Spectrogram¶
When you upload an audio file (WAV, MP3, FLAC, OGG, M4A...), Aperi'Solve renders two visualizations of the sound: a spectrogram (frequency content over time) and a waveform (amplitude over time). Audio steganography in CTFs is overwhelmingly visual — the flag is drawn into the spectrogram — so this is the first thing to check on any audio challenge.
What Aperi'Solve runs¶
The analyzer is pure Python (NumPy + Pillow), no external DSP library:
- PCM WAV is decoded directly with the standard-library
wavemodule (8/16/24/32-bit, mono or stereo, averaged to mono). - Every other container, and non-PCM WAV, is transcoded to a temporary PCM
WAV with
ffmpegfirst. - The spectrogram is a Hann-windowed Short-Time Fourier Transform
(
N_FFT = 1024, hop512), converted to relative decibels with an-80 dBfloor and colored with a viridis palette. Low frequencies are at the bottom, time runs left to right. - The waveform is a min/max envelope of the signal.
Reading the output¶
- Spectrogram — bright shapes against a dark background are energy at that frequency and time. Text, QR codes and simple drawings placed here are read directly by eye.

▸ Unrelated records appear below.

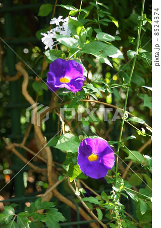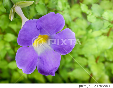 紫色の花を咲かせた植物のアップで撮影した写真 熱帯植物(9月)ツンベルギア03V3.4
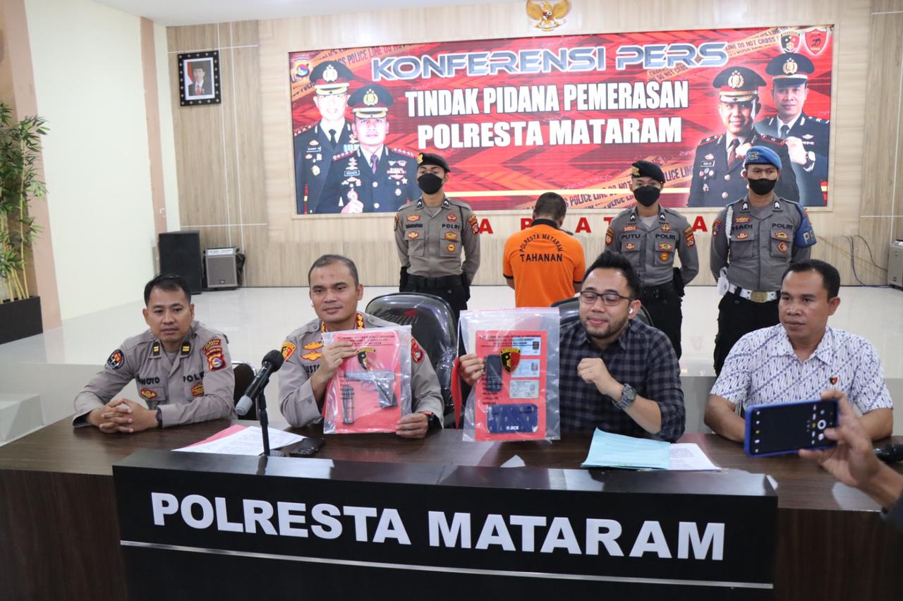 Penangkapan terduga pelaku atas laporan korban sdri. NH [ 53 ] di Polresta Mataram setelah korban merasa diintimidasi dengan melakukan pengancaman terhadap korban bila tidak segera diberikan sejumlah uang Oleh korban karena merasa takut menyerahkan sejumlah uang dan langsung melaporkan peristiwa tersebut.
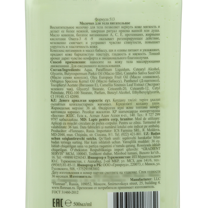 Насыщенное питательное молочко для тела Floresan с маслом семян конопли и маслом оливы - это интенсивный уход, превращающий вашу ежедневную рутину в нежное и питательное прикосновение к коже.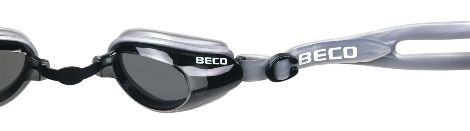Schwimmbrille mit geteiltem Kopfband und verstellbaren Nasensteg für einen optimalen Sitz.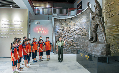 7月6日,在江蘇省泰興市新街鎮(zhèn)楊村廟烈士紀(jì)念館,少先隊(duì)員在宣泰戰(zhàn)斗浮雕前聽講解員講解。顧繼紅攝(影像中國)

- Waveform — the overall loudness shape. Long silences, abrupt bursts or a signal that clips the top and bottom hint at something deliberate.
- The metadata table reports sample rate, channel count, bit depth, duration and frame count.
Common CTF patterns¶
- The flag is written in the spectrogram — the classic. A tone is swept
to spell out
flag{...}; it is invisible in the waveform and often inaudible. Aperi'Solve draws it for you. - A hidden image or QR code in the high frequencies of an otherwise ordinary song.
- DTMF / Morse — dial tones or short/long bursts visible as discrete frequency bands; decode them from the pattern.
- Stereo tricks — data hidden in only one channel, or in the difference between channels (Aperi'Solve averages to mono, so also inspect the raw channels in Audacity if nothing shows).
Doing it yourself¶
Audacity (Analyze → Spectrogram view) and Sonic Visualiser give an interactive, zoomable spectrogram with adjustable window size and color scale — useful when the payload sits in a narrow band the fixed rendering flattens.
Limitations¶
- The rendering uses a fixed FFT size and color scale; a faint payload may need a different window length or contrast to pop — reach for Audacity.
- Channels are averaged to mono, so purely per-channel or phase-based hiding will not appear here.
- Only audio is visualized; data appended after the audio stream is the job of binwalk and strings, which also run on your upload.